Modeling Data with SQL
To model your customer order management system using an SQL implementation, you will need three tables: Customer
, Purchase
and Product
. You should also define a structure for them upfront, which in the case of a more complex real-world problem would imply a lot of meetings and discussions with your team to figure out what Customer
, Purchase
and Product
should look like.
Once that's done, the next step is to connect your tables. Many customers have many purchases, which means an additional many-to-many table. This is not a problem and many ORMs will handle it for you. You will need another many-to-many table for connecting purchases and products. A Purchase
containing a Product
can have a quantity. Again, not a problem, you just need to expose your many-to-many and add a field.
At this point, you have a schema, you deployed it to your database, learned a bit more about your favorite ORM, cursed a few times because it was not 100% intuitive, and are rolling it out. Great!
Modeling Data with Graph
Modeling your customer order management system using graphs is much faster. First, property graph databases like Memgraph, don't have a strict schema, so you don't have to define it upfront. You need to differentiate customers,
purchases, and products. Those will be nodes (vertices) in our graph with appropriate labels. You will then need to connect them and add properties on those connections, which is pretty straightforward too.

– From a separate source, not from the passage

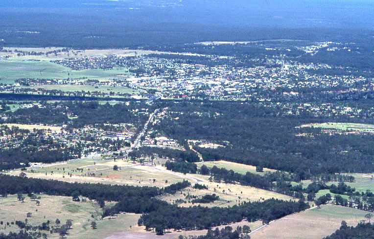 nowra, australia

Can you handle many-to-many? Of course, graph databases support fast arbitrary relationships. Let's make a layout diagram. It's not as explicit as the relational schema, but it's semantically clearer, and in general more intuitive.

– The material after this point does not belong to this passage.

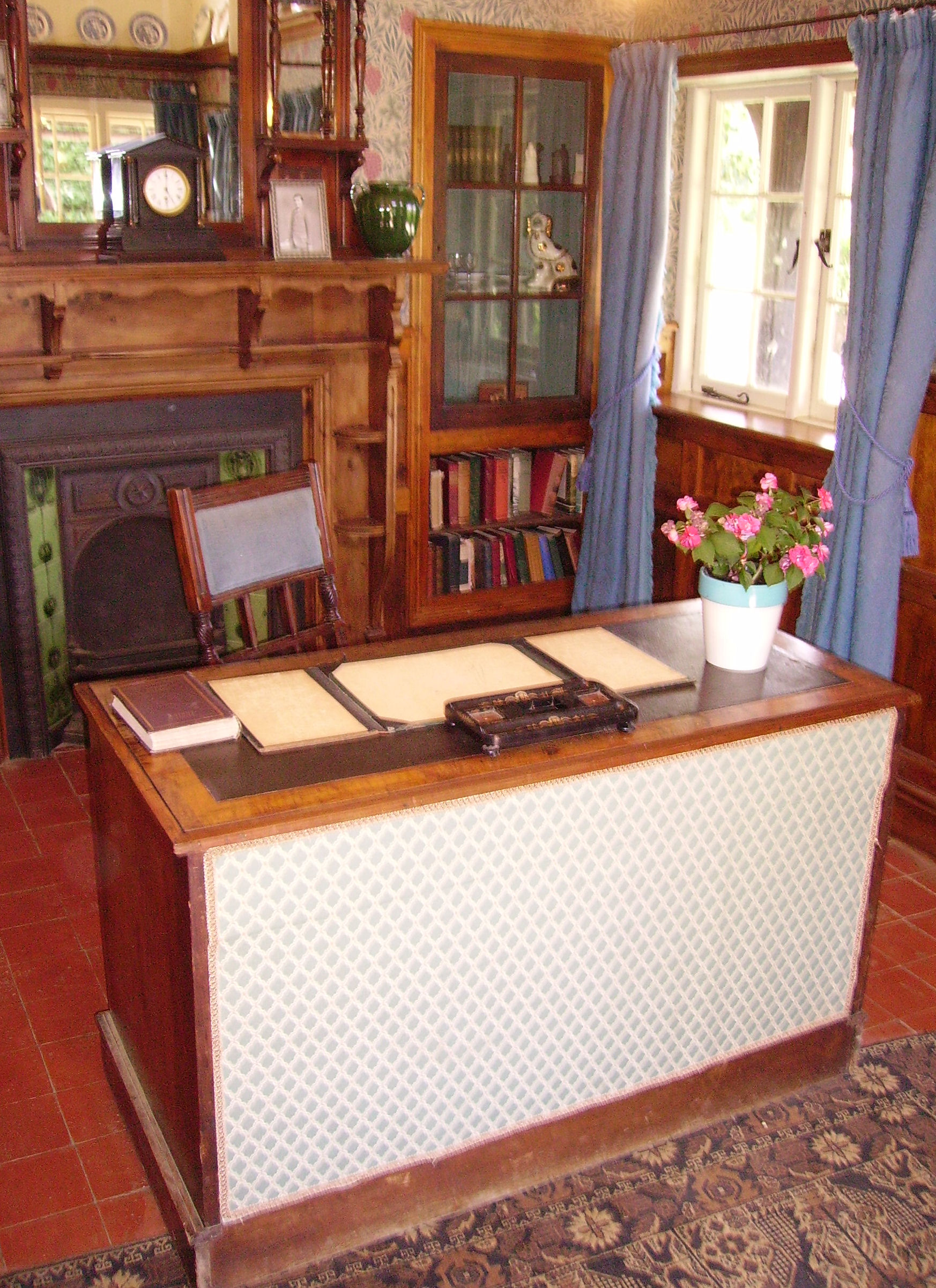 View of Arthur Conan Doyle's writing room. At Groombridge Place near Groombridge, United Kingdom

Let's write a few Cypher queries so you can populate your database. Unlike SQL, where you actually had to define the database schema beforehand, in graph databases, the insertion itself defines the structure. We won't explain the queries in detail, feel free to check out our quick-start on Cypher. Let's start by creating a Customer
and a Product
node:
CREATE (customer:Customer {name: "John Doe", id: 0})

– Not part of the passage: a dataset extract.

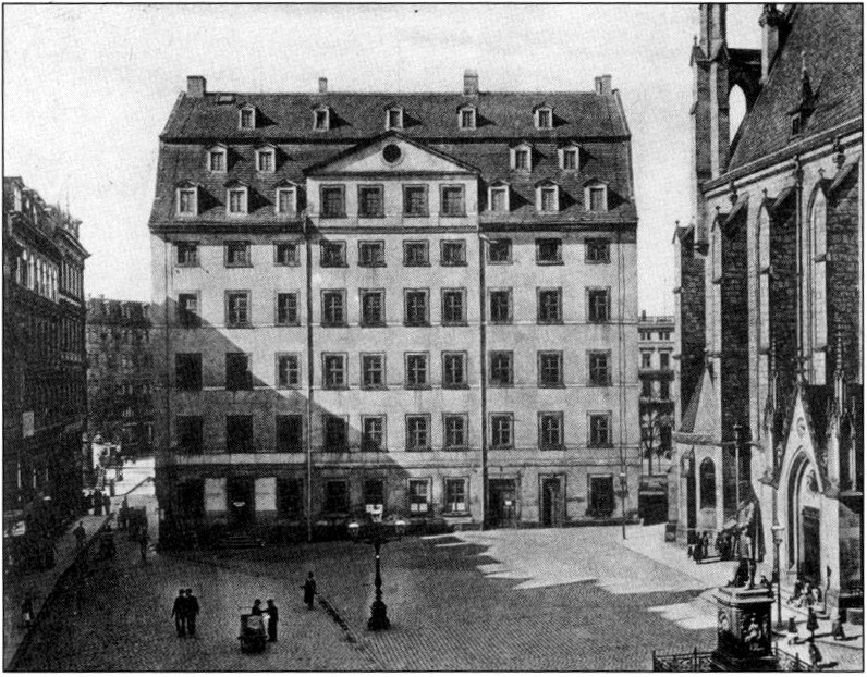 Historical Thomaskirchhof before 1900 with Thomasschule from Bach's time and Leibnitz-memorial.

CREATE (product:Product {brand: "Shooz", name: "X3D Ultra Turbo Pro 3.1",
cost: 399.95, id: 0})
RETURN customer.id, product.id;
Notice how you haven't added all the properties yet. You don't need to know the whole data structure upfront, you can modify it as the need arises. If you're building some sort of a web API in front of your database, the input queries don't even have to be predefined. Here's how a creation-query generator would look in Python (slightly different Cypher syntax to facilitate the property map generation):
def make_create_query(id, label, properties):
"""
Generates a Cypher query for creating a node with the given
label and properties. Properties map strings (names) to primitive
values (ints, floats, bools, strings).
"""
return "CREATE (node:{1} {{{2}}}) " \
"SET node.id = {0} RETURN id".format(
id, label, ", ".join("{}: {!r}".format(*kv) for kv in properties.items()))
Using such a function, you can easily create nodes with properties extracted from, for example, a HTTP URL. If the structure of your Customer
or Product
entities changes, you don't have to modify the DB schema nor the back-end server (OK, you might want to validate the key-value pairs you get). Zero downtime redeployment comes down to switching to a new front-end. Pretty cool!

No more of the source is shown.